Un homme qui se présente comme le défenseur de la veuve et de l'orphelin, de la France qui souffre, montrant son émotion à tous les passants à chaque drame social, nous citant Jaurès 27 fois en 62 minutes de discours., mais ami des grands patrons, du showbiz dans ce qu'il a de plus reluisant, bref de la France qui ne se lève pas forcément tôt mais qui en tout cas n'a pas de problèmes de fin de mois.
Un homme au pouvoir ces dix dernières années, numéro 3 du dernier gouvernement, qui parvient (doit-on l'admirer pour cela?) à se poser en candidat de la "rupture" auprès de millions d'électeurs.
Un homme qui est allé chercher les électeurs du Front National un par un en reprenant ses idées une par une.

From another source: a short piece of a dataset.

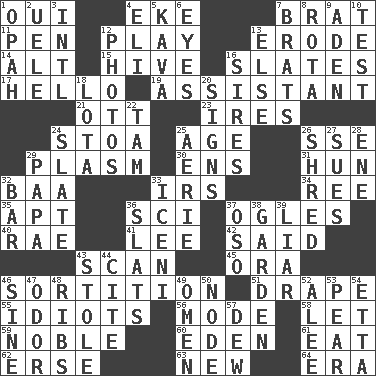 ACROSS 1. Fr. "Yes" 4. Supplement with great effort 7. Naughty child 11. Animal enclosure 12. Frolic 13. Eat (away) 14. The first octave above the treble staff 15. Hub of activity 16. Chalkboards 17. Phone greeting 19. Aide 21. Baseball player Mel 23. Angers 24. Portico 25. Mature 26. Compass dir. 29. Suffix with ecto or cyto 30. Followers of ems 31. Attila the _ 32. Sound made by sheep 33. Big collection agency 34. Portuguese money of account (variant) 35. Fitting 36. _-fi 37. Stares 40. Actress Charlotte 41. Area sheltered from the wind 42. Alleged 43. Glance over 45. Mouth or opening 46. Drawing lots 51. Window treatment 55. Foolish or stupid persons 56. Method 58. Allow 59. Impressive in appearance 60. Paradise 61. Consume 62. Celtic language 63. ___ Haven, CT 64. Period DOWN 1. Brightly colored fish 2. Ubangi River tributary 3. International (abbr.) 4. Connecticut Ivy Leaguer 5. Polynesian shrub of the pepper family 6. Snake ____ (dice throw) 7. Naughty children 8. Round or rotation of duties 9. Arabian gulf 10. Trial 12. Pictures 13. Otherwise 16. Begets 18. Globular water bottle used in Asia 20. Signals 22. Scottish cap 24. Schedule 25. Nest on high 26. Fragment 27. Institutes legal proceedings 28. Compass dir. 29. Dad 32. Tavern 33. Ancient Celtic tribe of eastern Britain 36. Narrow boards 37. Bear (Spanish) 38. Place where plants grow 39. One who doesn't tell the truth 43. Took without asking 44. Quote 46. Trig term 47. Aroma 48. Teases 49. Presage 50. Thickened enlargement 52. Toward shelter 53. Lightbulb-shaped fruit 54. Singer James 57. Morning condensation

Un homme à la rhétorique bluffante pour la ménagère de moins de 50 ans, "mais qu'est-ce que vous voulez madame? Vous voulez une France où on viole votre fille dans le métro? Moi ce n'est pas la France dont je rêve". Un homme qui dit tout et son contraire, comme le montre le sociologue Eric Fassin et rend ainsi toute contradiction impossible. ("Car à force de dire tout et l'inverse de tout, Nicolas Sarkozy parvient à son but : on ne sait plus où on en est. On rassure les parents (des jeunes suicidés), déclarés non responsables, et on stigmatise les parents irresponsables (des jeunes délinquants). On dénonce les violences (à la gare du Nord), et on justifie les violences (des marins qui incendient le Parlement de Bretagne). On s'affiche en défenseur des classes populaires, et on redistribue l'argent aux riches. On fait miroiter des régularisations, et on donne en spectacle des expulsions. On se pose en ami des minorités raciales, et l'on couvre les violences policières racistes. On invoque l'identité nationale et ses relents maurrassiens, pour la définir ensuite par l'égalité républicaine entre les sexes. Dans les banlieues, on manipule tour à tour le lexique de la "racaille" et de la "discrimination positive". Et de même sur l'école et le travail, l'islam et la laïcité, l'économie et l'écologie, l'Amérique et l'Europe, bref, sur tous les sujets. En ne respectant jamais le principe de non-contradiction, le candidat rend la contradiction impossible : comment s'opposer à lui quand il dit tout et son contraire ?").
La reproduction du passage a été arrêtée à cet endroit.